私の推手は師馬岳梁によるものですが、師がいない時は同門の者が練習相手になっていました。若い同門では、大体、力任せで互いの胸を押したり、脇を攻めたり、または時々、力任せで人の関節を決めようとしました。私も若い頃は怪力で有名でしたし、師の数人の子供も師匠譲りの立派な体で皆100キロ近くありました。それは大きい音を立てていて、にぎやか様でございます。
いつも、師が急に練習部屋に現われます。その時の第一声は:「頂牛はいけないよ!」と、そして皆は血圧が下がる程、静かになります。中国語では頂という動詞ですが、突っ込むという意味になります。「頂牛」とは牛のように角を使って戦うことです。ある日、私と馬江麟が力比べのような推手をしていたところで師に見付かっただけで、二人してかなり叱られていました。ペナルティー迄出ましたね。夕飯まで基本拳を三回練習しろとのことでした。
近頃、自分も師が長い間言っていた腰椎、胸椎、頚椎の一節ずつの伸びや相手の力を上手く軽く上方へ方向転換する「粘勁」などの「太極十三勢」が少しずつ身に付くことにより、師馬岳梁が申し上げていた「頂牛はいけないよ」との言葉はされどまさしく、誠の心理であることはわかります。が、若き沈剛は師の教えというものはなかなか理解出来ませんでした。何故ならば、師のような柔らかい体との距離が大き過ぎましたね。今日になって、体の柔らかさを少々、手にいれたところでもう人と力勝負をしなくても何とか人の攻撃を交わすことが出来る以上は力で戦う必要がありません。

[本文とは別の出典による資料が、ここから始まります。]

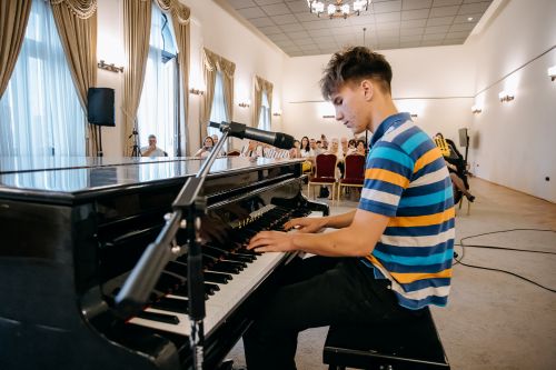 Doi copii talentați care studiază pianul de la vârste fragede, laureați ai mai multor concursuri locale, județene și chiar naționale.
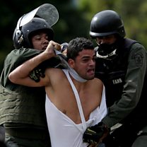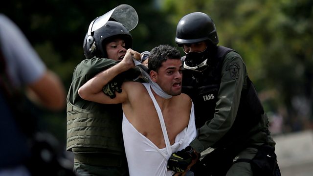 Also, President Trump approves new sanctions against Russia, and scientists warn about deadly impact of climate-change in South Asia. (Photo: Demonstrator detained by police during anti-government rally in Caracas, Venezuela. Credit: Reuters/Ueslei Marcelino)
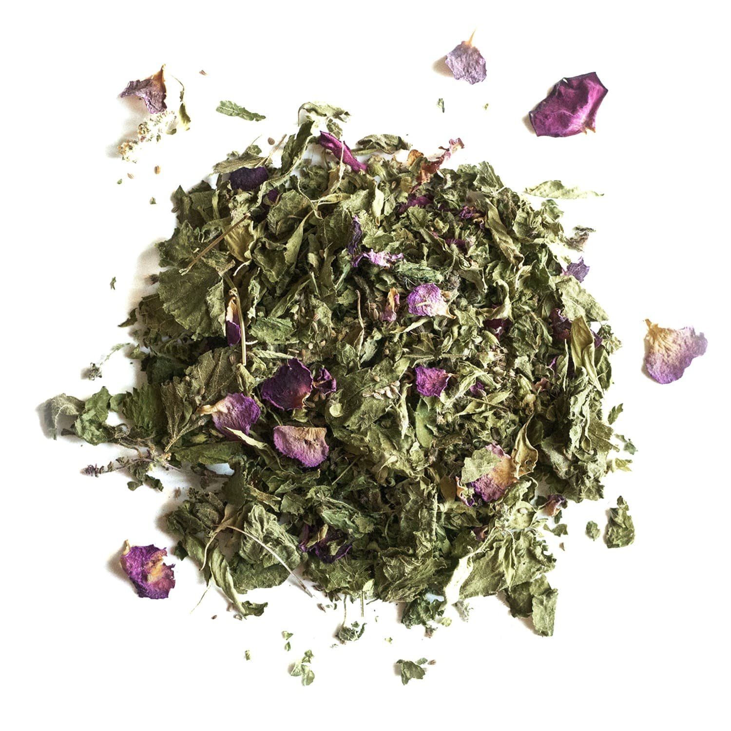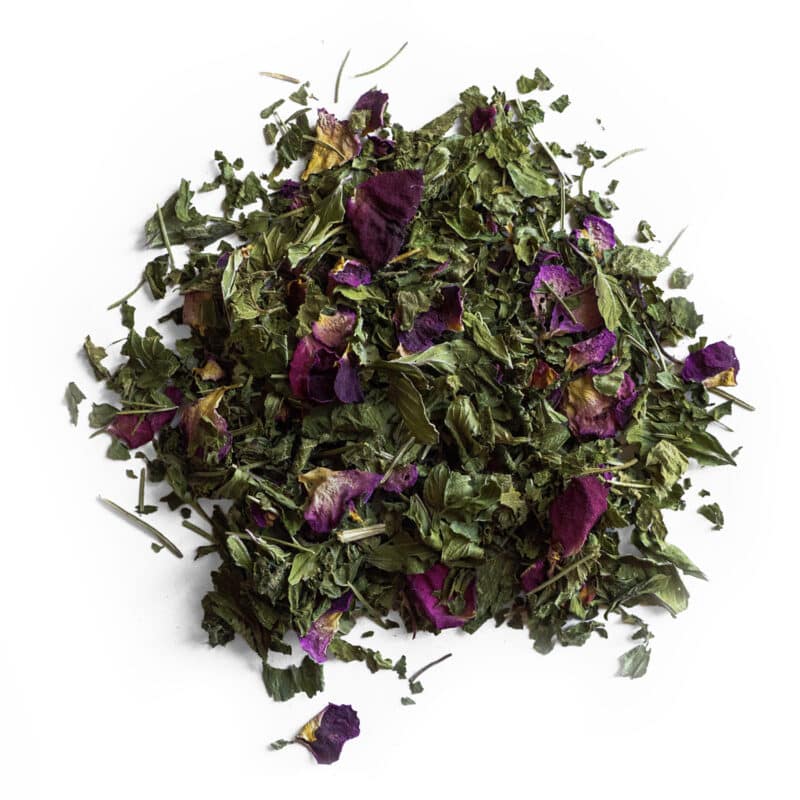 Anis vert (Pimpinella anisum) – fruit*, basilic citron (Ocimum citriodorum) – feuilles, fleurs*, rose (Rosa gallica) – fleurs*, ortie (Urtica dioica) – feuilles*
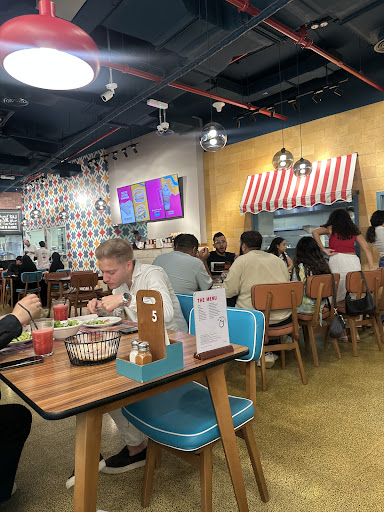 The restaurant features comfy, spacious seating, perfect for families and groups. The vibrant Arab-Lebanese theme — with traditional décor, modern touches, and soft lighting — creates a lively yet relaxed atmosphere. It really feels like a little piece of Beirut right here in Dubai.
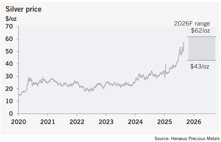 Heraeus forecasts the silver price to trade between $43 and $62 per ounce in 2026. “Ultimately, silver is a higher beta, i.e. more volatile, investment than gold,” the analysts said. “The drivers of the gold price, namely, economic and geopolitical concerns, US fiscal and monetary policy, central banks cutting interest rates, and their impact on the US dollar, will also influence the silver price. If gold’s rally resumes, then silver is likely to follow.”
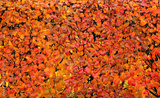Autumn leaves texture background. bright colorful orange-red leaves deciduous bush close up. foliage of ornamental garden shrub Dogwood, Cotoneaster lucidus (Hedge Cotoneaster). full frame
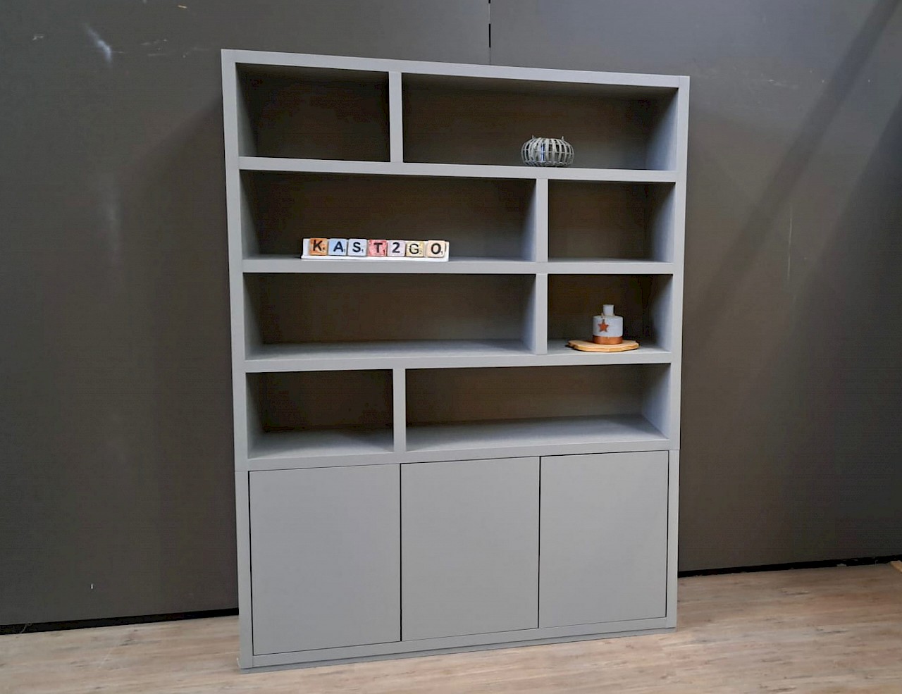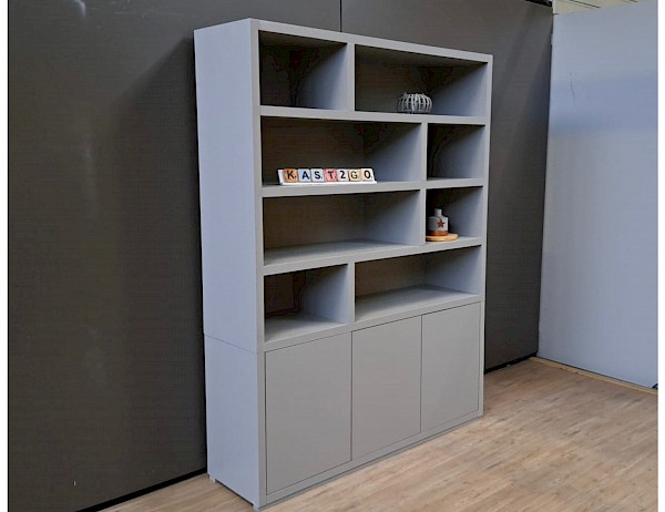 In het gesloten onderstuk kunt u veel spullen uit het zicht opbergen, terwijl in het open bovenstuk ook diverse persoonlijke spullen stijlvol geëtaleerd kunnen worden. Voor ieder wat wils! Vanzelfsprekend is deze kast ook in andere afmetingen en alle andere RAL-kleuren verkrijgbaar.
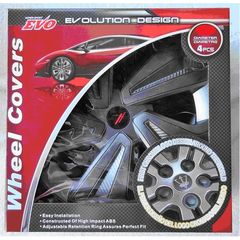 スタイリッシュに変身!カーボンタイプのホイールカバー 14インチ ブラック&シルバー 4枚セット 【同梱不可】【代引不可】[▲][TP]
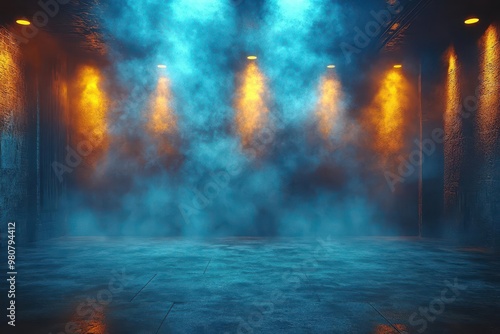 Fototapeta premium atmospheric nightclub stage vibrant blue and yellow lights piercing through hazy air empty anticipation
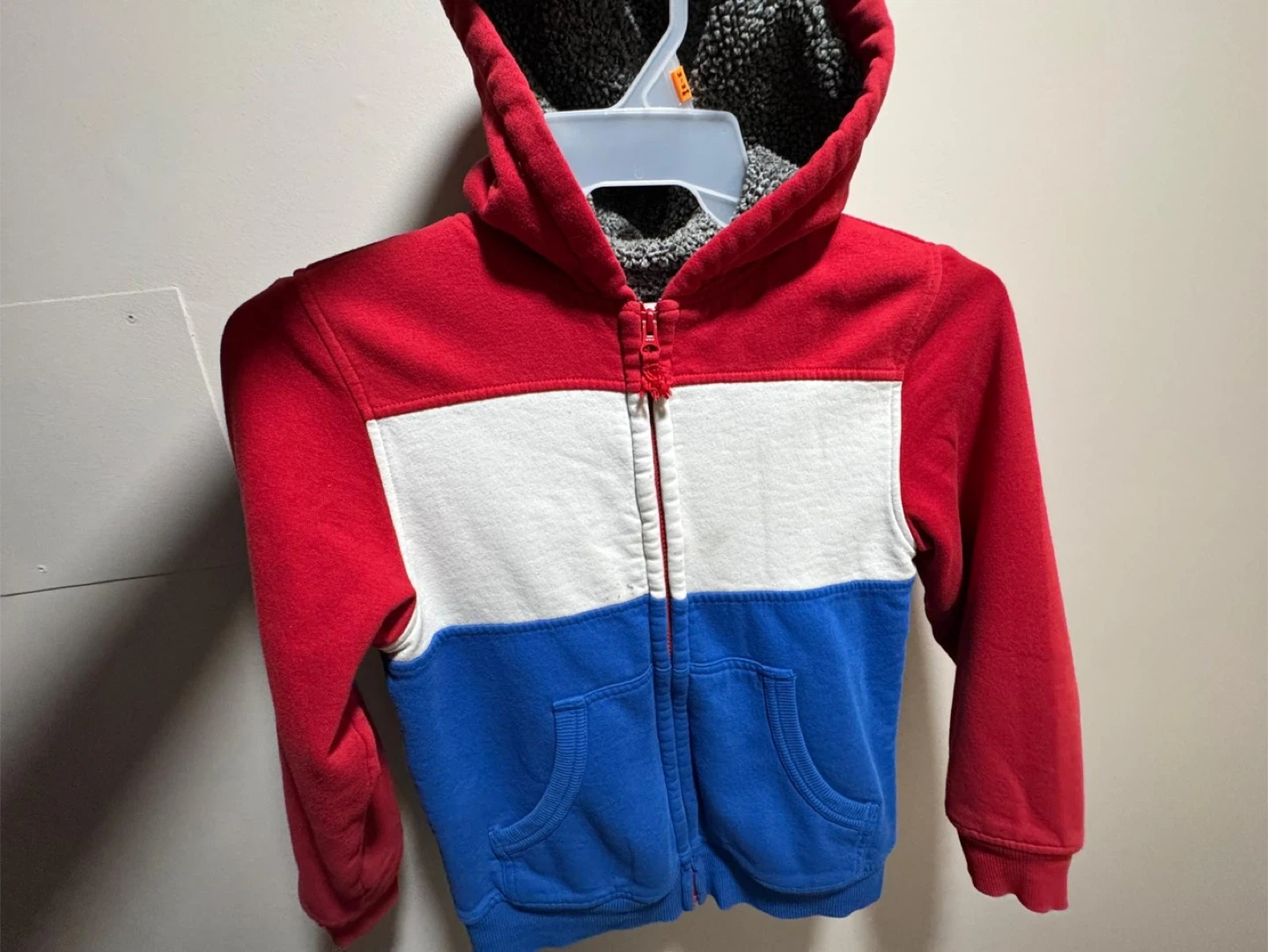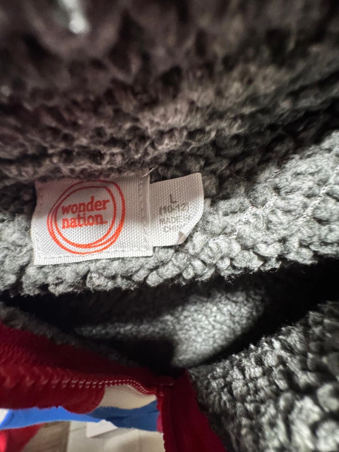 12Cozy up your little one with this Wonder Nation fleece hoodie! It's a size L (10-12) and features a fun red, white, and blue colour block design. Perfect for keeping them warm on chilly days!
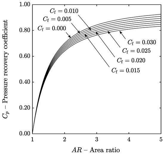 It can be observed that increasing the friction factor decreases the pressure recovery in a linear way (the different curves are equispaced) and that the effect is more notable when the area ratio increases (since the length of the channel increases). For the reference case considered, the pressure recovery increases with the area ratio in a monotonous manner and has an asymptotic behavior, irrespective of the numerical value of the friction coefficient. This suggest that an optimum value of the area ratio that maximizes the pressure recovery does not exist and that the pressure recovery always increases with the area ratio up to a limiting value.
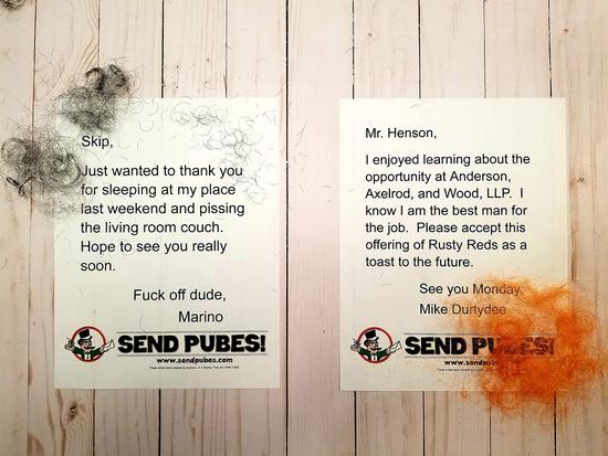 - "Thinking of you, dry your tears on these pubes." Sincerely, Fuck Off
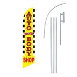 Auto Body Shop Yellow/Red Swooper/Feather Flag + Pole + Ground Spike

そして、あまりにも力強い方に押し出されても若者のような「畜生、悔しい・・・」は殆どなくなりました。年のせいとでも年のお陰とでもいいましょうか。押し出されてしまったら自分の「太極勁」がまだ完璧ではないからと、自分を慰めるような人格も出来つつあります。ああ、人間って年をとれば成熟するものですね。
だが、現在のところ、太極拳本系(呉式含む)の成熟した者でも「頂牛」をしますね。何故でしょうか?私的には太極拳全体が退化しているに違いがないですね。推手の意味を間違ったイメージで教わってしまった以上は力尽くの推手になります。そして、この私でも馬岳梁のような推手が出来ない限り、推手が頂牛ではないと一生懸命、皆様に口説いても、説得力がありません。もっと、練習しなくちゃ、時間がないですね。あっという間に年をとります。